Dataset excerpt -
[Start of Attachment]
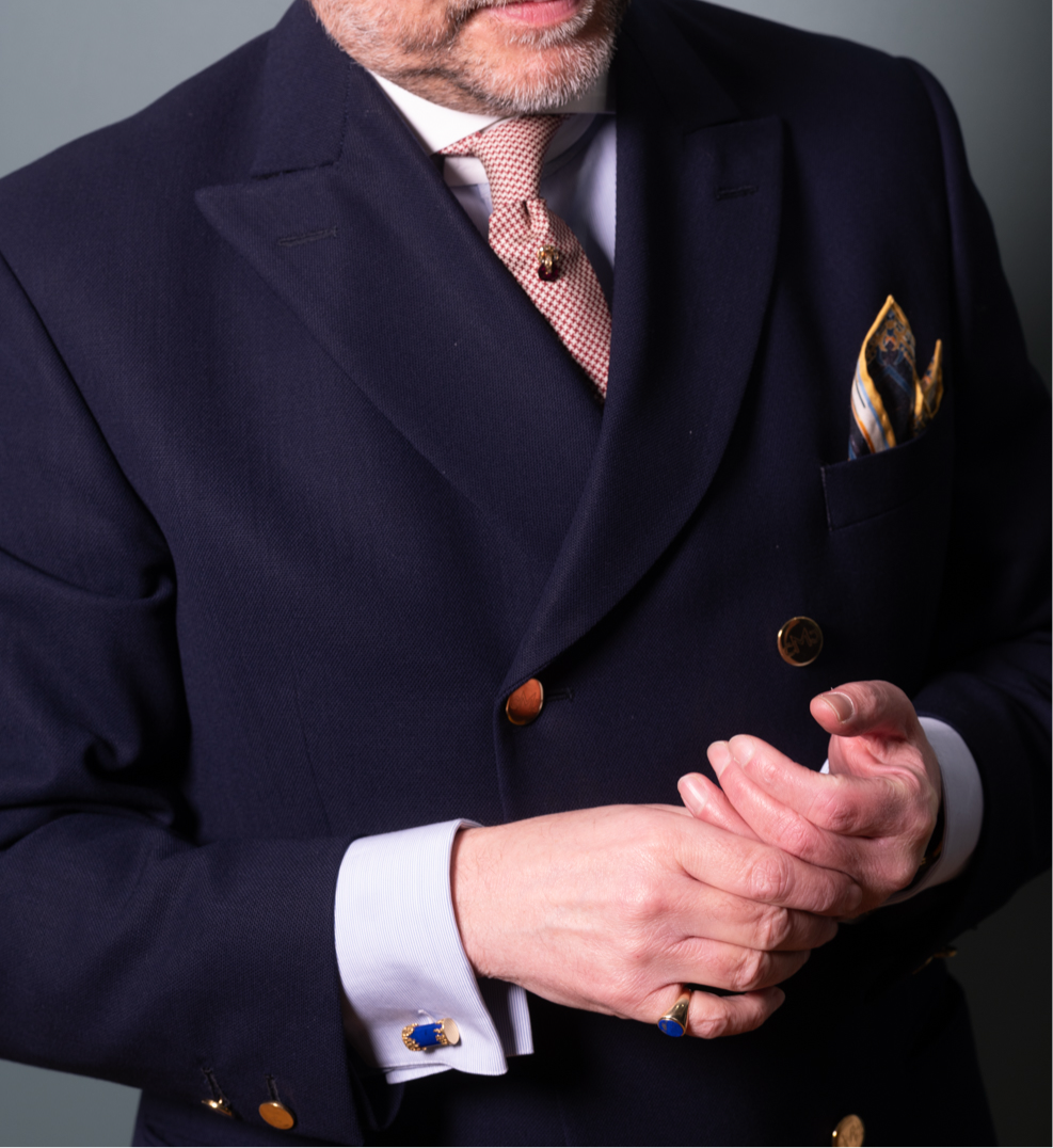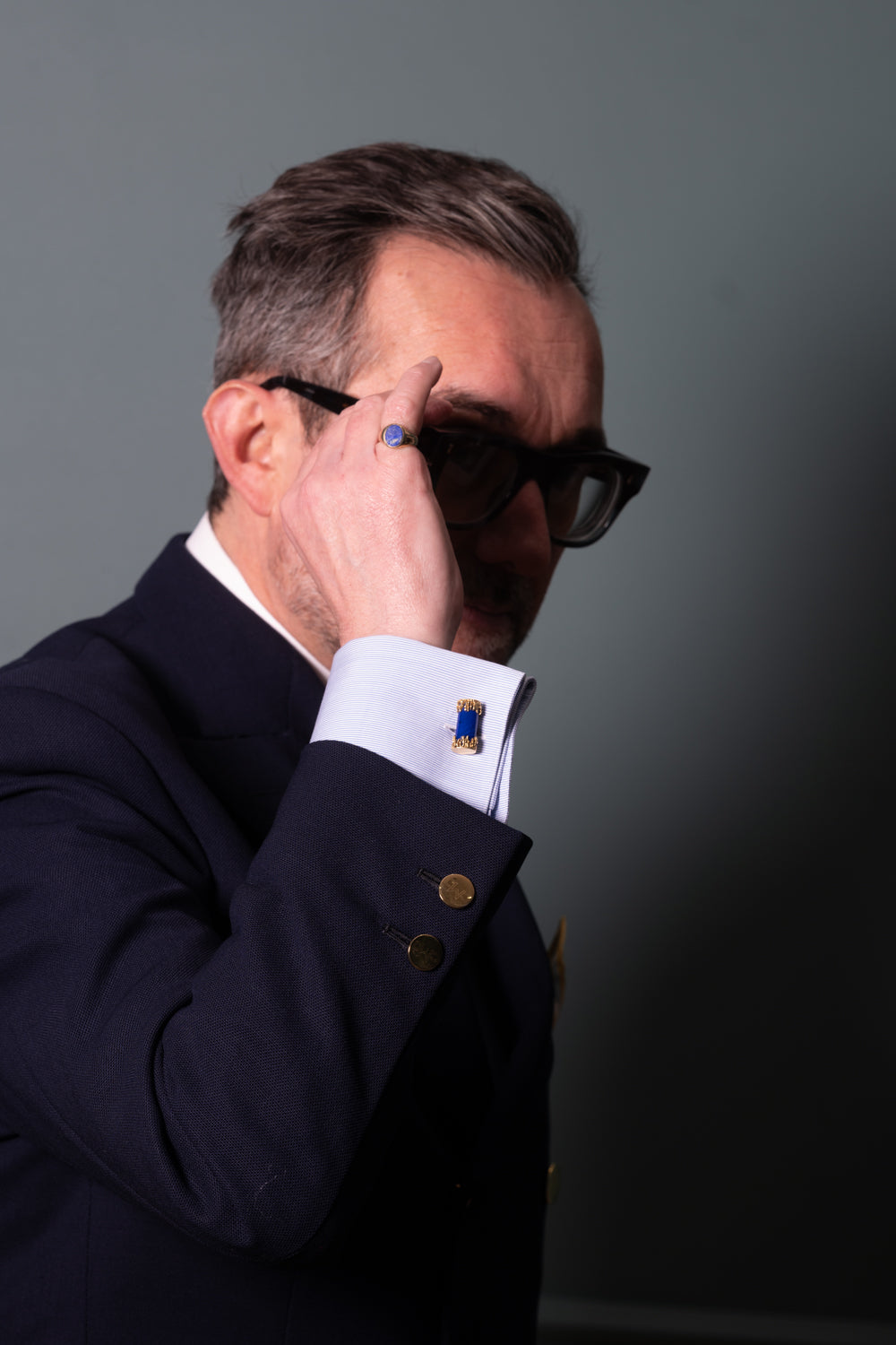Grandeur and organic beauty combine in these luxe cufflinks by Kutchinsky, crafted with 18ct yellow gold and lapis lazuli barrels. Each link is finished with an organic texture and ornate swivel fittings to create a classic accessory with a timeless charm. Signed Kutchinsky, these cufflinks reflect an exclusive and elegant taste.
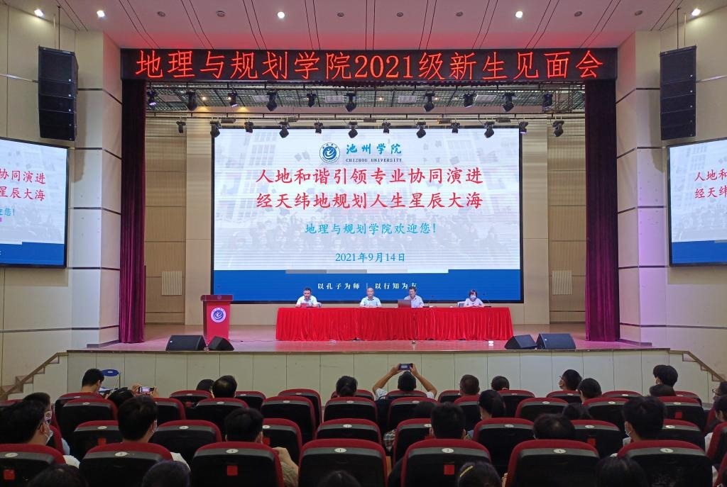 9月14日上午,地理与规划学院2021级新生见面会在博古楼大礼堂举行。地理与规划学院党委书记崔泽玉、院长张乐勤、副院长胡和兵及部分专业教师、2021级新生班辅导员参加了见面会。见面会由胡和兵主持。
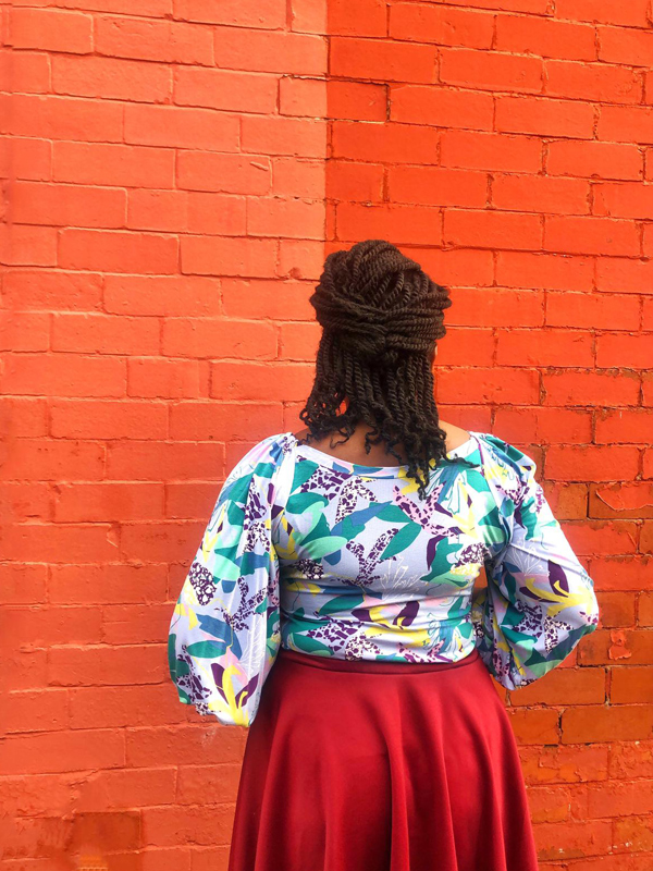 I decided to feel the fear and do it anyway, by making a knit top that was high on my wishlist which is the Adrienne blouse from the Friday Pattern Company. It is a wonderful fitted top with statement sleeves. A nice shape with sleeves that take a simple top to another level.
[End of Attachment]
Task item - In the copy, include no pictures, but repeat the listing exactly.

Written reply -
Grandeur and organic beauty combine in these luxe cufflinks by Kutchinsky, crafted with 18ct yellow gold and lapis lazuli barrels. Each link is finished with an organic texture and ornate swivel fittings to create a classic accessory with a timeless charm. Signed Kutchinsky, these cufflinks reflect an exclusive and elegant taste.
 9月14日上午,地理与规划学院2021级新生见面会在博古楼大礼堂举行。地理与规划学院党委书记崔泽玉、院长张乐勤、副院长胡和兵及部分专业教师、2021级新生班辅导员参加了见面会。见面会由胡和兵主持。
 I decided to feel the fear and do it anyway, by making a knit top that was high on my wishlist which is the Adrienne blouse from the Friday Pattern Company. It is a wonderful fitted top with statement sleeves. A nice shape with sleeves that take a simple top to another level.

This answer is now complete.